Wade and James are an evolving story, a source of fascination and speculation for anybody who cares about basketball: They are best friends. No, they just act like they are. They are an unbeatable combination. No, they don’t fit together. There is a rift between them. No, they are just teammates.
The truth is in there somewhere, and I think it goes something like this: The friendship is absolutely, 100 percent legitimate. They are very close. They talk all the time. They text constantly. They were close friends before they played together and will probably still be good friends in 20 years.
And yet … well, it doesn’t always translate on the court. And if they are honest with each other, and honest with themselves, they would repeat the mantra that successful people have used forever: Friendship is great, but business is business.

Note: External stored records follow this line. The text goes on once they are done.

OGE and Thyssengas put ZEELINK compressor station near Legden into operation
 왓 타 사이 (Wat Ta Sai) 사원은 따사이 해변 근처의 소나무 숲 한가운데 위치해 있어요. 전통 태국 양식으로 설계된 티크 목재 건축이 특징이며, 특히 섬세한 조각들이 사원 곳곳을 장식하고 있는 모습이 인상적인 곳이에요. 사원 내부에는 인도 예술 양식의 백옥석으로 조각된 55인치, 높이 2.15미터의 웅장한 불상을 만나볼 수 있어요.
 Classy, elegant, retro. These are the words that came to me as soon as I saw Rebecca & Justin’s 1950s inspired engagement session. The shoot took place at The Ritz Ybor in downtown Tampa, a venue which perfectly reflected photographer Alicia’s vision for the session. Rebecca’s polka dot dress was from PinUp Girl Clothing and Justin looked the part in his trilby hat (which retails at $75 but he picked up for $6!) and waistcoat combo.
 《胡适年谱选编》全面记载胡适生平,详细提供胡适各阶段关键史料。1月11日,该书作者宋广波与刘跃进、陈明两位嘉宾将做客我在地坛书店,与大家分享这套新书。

“One thing about the new NBA,” Battier said last week, “basketball really doesn’t spill into the locker room. Maybe it used to. Maybe that is the perception of how it used to be in the old days … You can’t really draw a correlation (now).”
There are days when Wade and James don’t agree with each other at the office. They leave and remain friends.

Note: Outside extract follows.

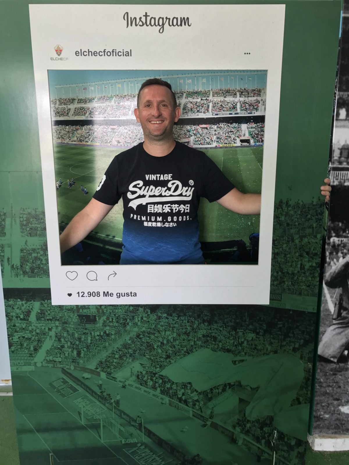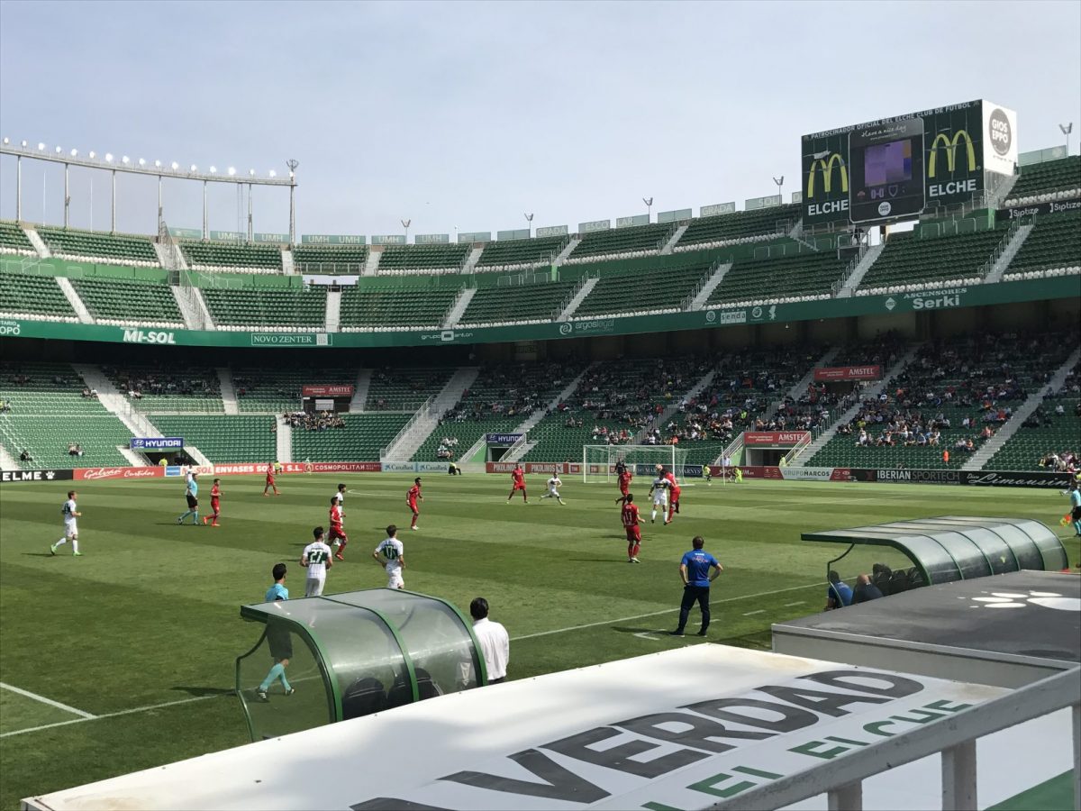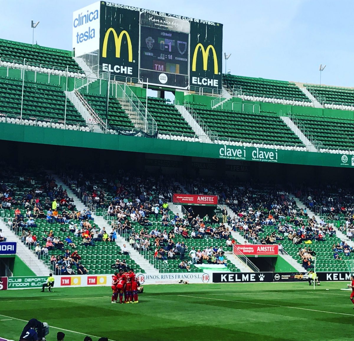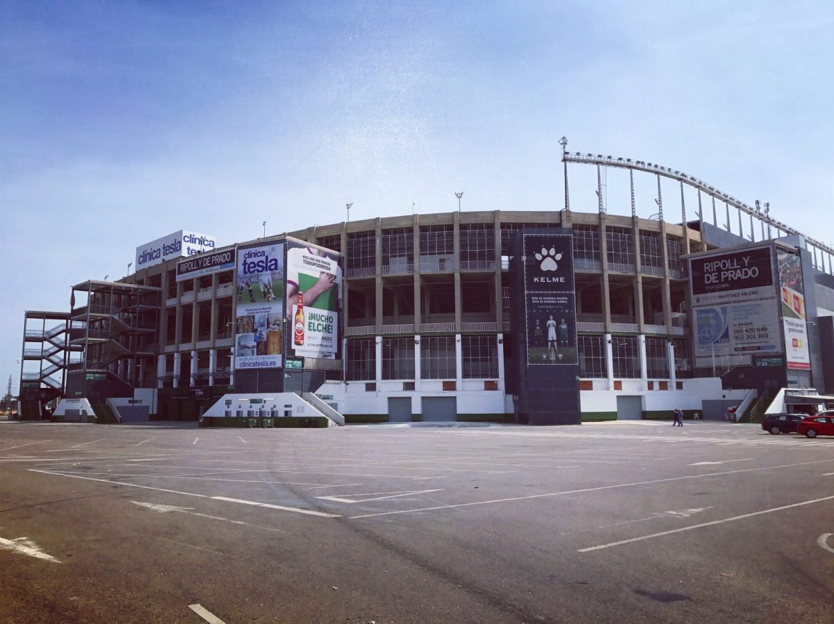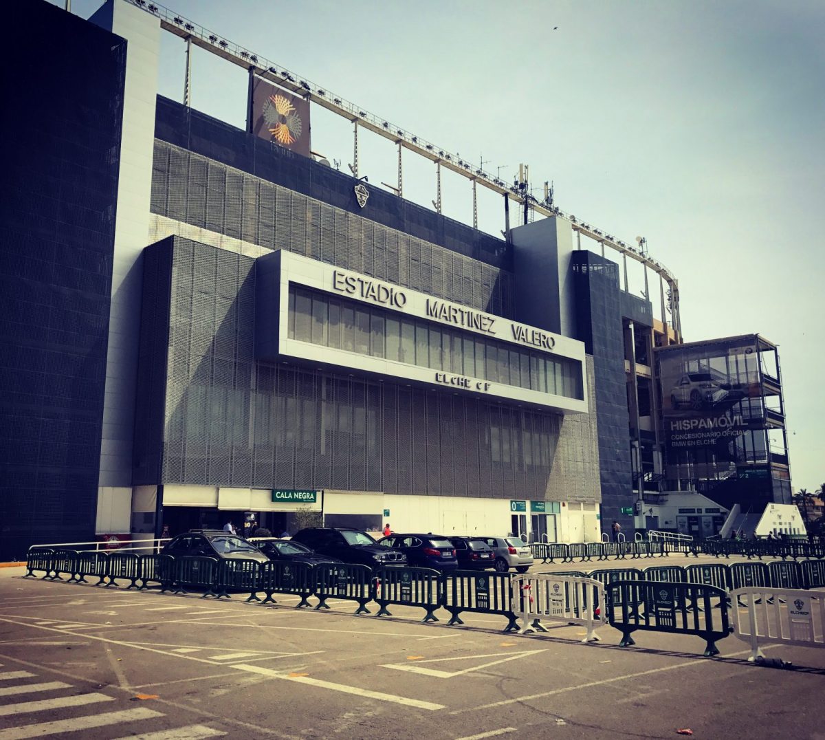 Der Star des hoch verschuldeten Vereines, welcher zum Ende der Saison 2015/2016 nur aufgrund finanzieller Verbindlichkeiten aus der ersten Liga verbannt wurde, ist mit Sicherheit das Stadion. Das Estadio Martinez Valero mit einem Fassungsvermögen von 36.000 Zuschauern ist ein großer grauer Betonklotz aus den 70er-Jahren, welcher für die FIFA Fußball-Weltmeisterschaft 1982 erbaut wurde. In dem Stadion fanden drei Gruppenspiele der Gruppe 3 mit den Mannschaften aus Ungarn, El Salvador und Belgien statt. Der Kracher dürfte damals das Spiel zwischen Ungarn und El Salvador gewesen sein, als die Magyaren das Team aus Mittelamerika mit 10:1 recht torreich abfertigten. Selbst ein spanisches Pokalendspiel fand schon im „Martinez Valero“ statt. In der Saison 2002/2003 gewann der RCD Mallorca durch ein 3:0 gegen Recreativo Huelva die „Copa del Rey“. Gerade weil an dem Stadion augenscheinlich seit zwei Jahrzehnten nichts mehr renoviert oder verbessert wurde, wirkte es von außen irgendwie erschlagend und ein wenig monumental. Das Innere des Stadions zeigte sich mit seinem Unter- und Oberrang allerdings weitaus gepflegter und in einem guten Zustand. Trotzdem wäre es für Deutschland unbrauchbar, es besitzt kein Dach.

There have been more of those days lately, because Wade has been hurt and James has been frustrated. James seems to know that if Wade and Chris Bosh cost Miami the championship, the blame will go to James. This is silly, and partly due to our revisionist nonsense that Michael Jordan never had a bad game, and the implication that James can only be compared to Jordan.
It is nonsense on multiple levels. In Game 6 of the 1992 Eastern Conference Finals, when Jordan was at his playing peak, he shot 9 for 25 for 21 points and had seven turnovers in Madison Square Garden. John Starks clearly outplayed him and the Knicks forced Game 7. Jordan dominated the next game, of course. But the point is, he wasn’t perfect. So let’s not ask LeBron to be perfect, either.

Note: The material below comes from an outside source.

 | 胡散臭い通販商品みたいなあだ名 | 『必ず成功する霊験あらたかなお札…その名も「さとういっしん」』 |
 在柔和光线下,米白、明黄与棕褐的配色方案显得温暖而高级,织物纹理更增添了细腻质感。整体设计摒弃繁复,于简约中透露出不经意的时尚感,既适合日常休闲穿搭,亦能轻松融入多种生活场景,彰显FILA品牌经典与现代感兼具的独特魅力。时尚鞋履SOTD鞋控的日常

Now, about James’ frustration: After scoring 30 of his team’s 90 points in Game 5 of the Eastern Conference Finals, James said he “went back to my Cleveland days” — implying that he had to carry the Heat like he carried the undermanned Cavaliers all those years. As a general rule, future Hall of Famers do not like being compared to losers from Cleveland, not to be redundant, and Wade shot back. He said the Heat had to get him the ball more instead of one guy trying to do it all. Well, you know who the one guy is.
Rift? Nope. That was just a basketball disagreement. Their friendship was never at risk. That speaks well of them as people, but it does not bode well for the Heat keeping James next summer. James loves Wade, but he will not stay in Miami simply because he loves Wade. He will need to see that the Heat can keep contending.
Wade has played better since that “Cleveland days” comment, for whatever medical or psychological reason. He also admired what James did without him Tuesday night.
“He just put his head down, man, and just attacked,” Wade said. “And when he does that, there’s not many people on the planet that can do anything about it. One of the best performances I’ve seen from him from the standpoint of playoffs, big moments, and I’ve seen a lot. That was a very big moment for his career, defining moment.”
I suspect LeBron James appreciates his friend Dwyane Wade’s compliment. Now he would like his teammate Dwyane Wade’s help.